◆ What to produce:
Would you print the lines below exactly, beginning at the line that has "Summary: The paper" and stopping after the line that has "mg vs placebo."? Only those lines, and no pictures.

◆ Data:
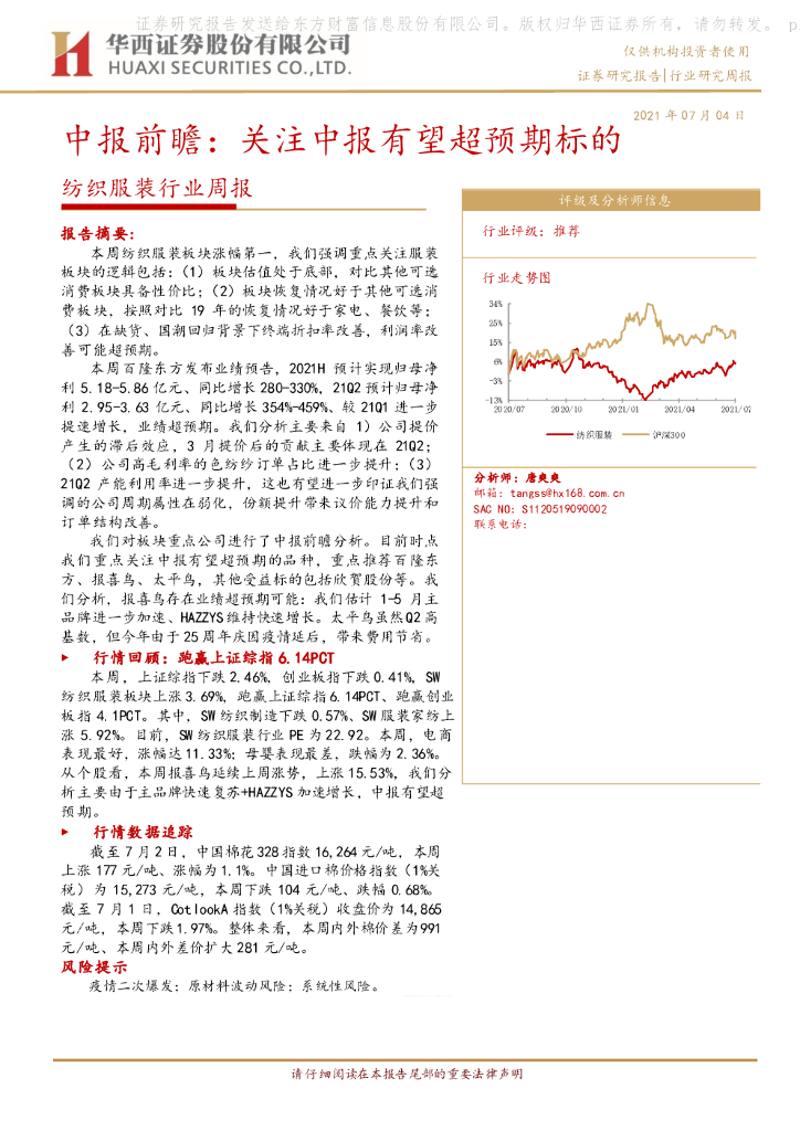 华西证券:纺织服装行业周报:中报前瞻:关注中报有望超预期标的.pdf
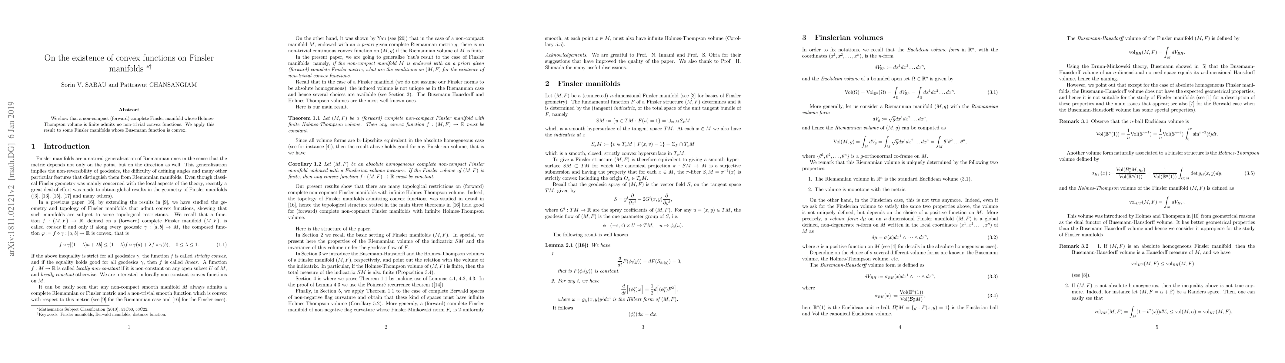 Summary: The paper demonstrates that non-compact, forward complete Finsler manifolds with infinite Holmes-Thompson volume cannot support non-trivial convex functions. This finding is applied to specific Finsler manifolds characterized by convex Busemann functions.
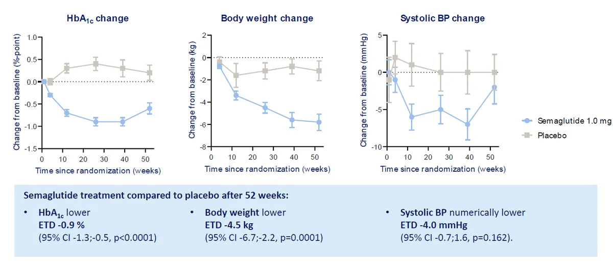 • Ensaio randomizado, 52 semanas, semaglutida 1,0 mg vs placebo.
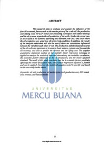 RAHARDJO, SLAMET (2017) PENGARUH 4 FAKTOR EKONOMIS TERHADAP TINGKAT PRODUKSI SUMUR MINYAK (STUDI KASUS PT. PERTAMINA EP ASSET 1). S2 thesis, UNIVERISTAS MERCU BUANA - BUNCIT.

◆ Answer box:
 Summary: The paper demonstrates that non-compact, forward complete Finsler manifolds with infinite Holmes-Thompson volume cannot support non-trivial convex functions. This finding is applied to specific Finsler manifolds characterized by convex Busemann functions.
 • Ensaio randomizado, 52 semanas, semaglutida 1,0 mg vs placebo.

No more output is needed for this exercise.